(Beginning of Given information)

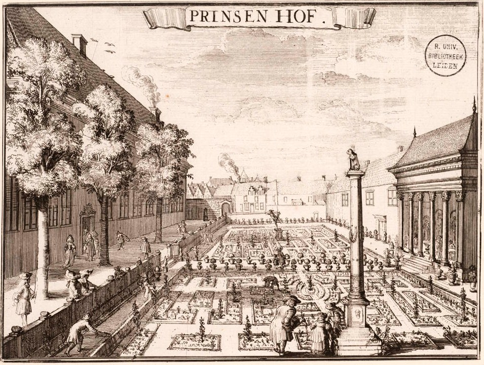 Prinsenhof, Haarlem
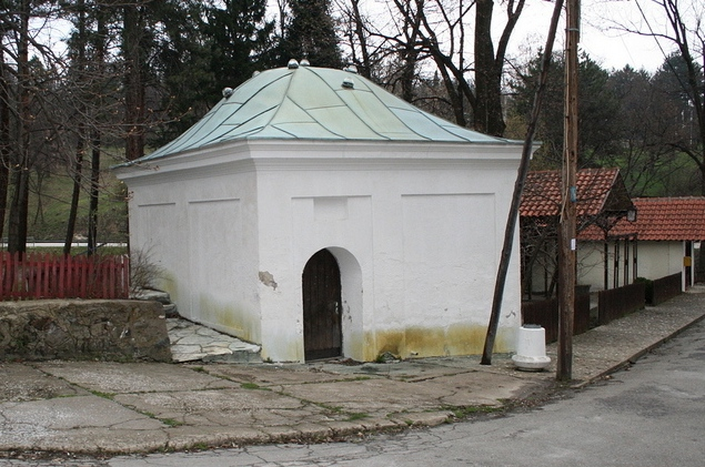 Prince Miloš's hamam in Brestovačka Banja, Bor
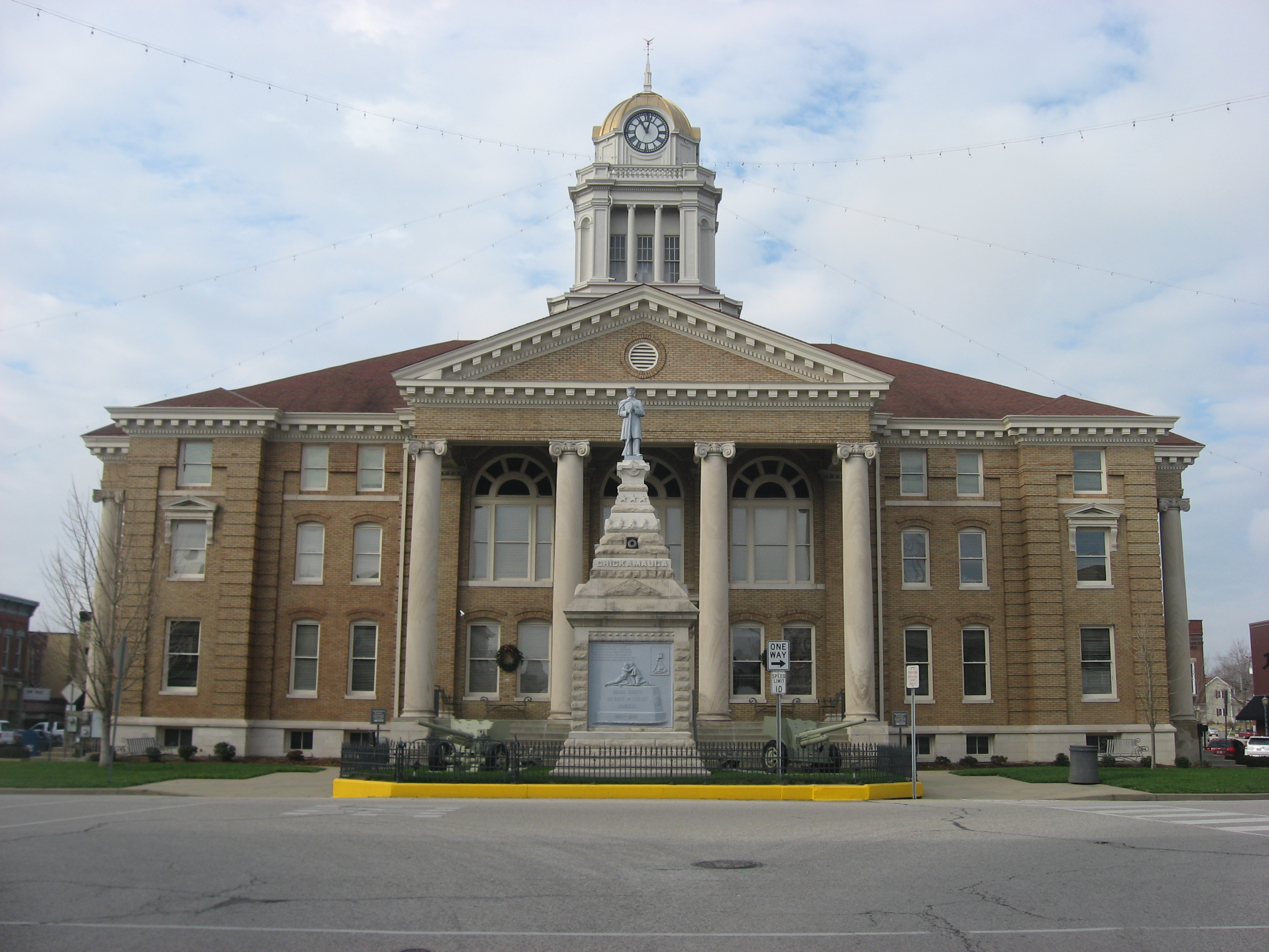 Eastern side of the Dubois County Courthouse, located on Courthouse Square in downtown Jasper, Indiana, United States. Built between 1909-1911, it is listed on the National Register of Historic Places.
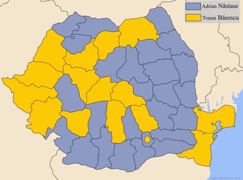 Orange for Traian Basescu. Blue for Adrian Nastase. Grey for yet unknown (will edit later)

(End of Given information)

Work task: Return the listing verbatim; pictures are not part of the copy.

Solution to the exercise:
 Prinsenhof, Haarlem
 Prince Miloš's hamam in Brestovačka Banja, Bor
 Eastern side of the Dubois County Courthouse, located on Courthouse Square in downtown Jasper, Indiana, United States. Built between 1909-1911, it is listed on the National Register of Historic Places.
 Orange for Traian Basescu. Blue for Adrian Nastase. Grey for yet unknown (will edit later)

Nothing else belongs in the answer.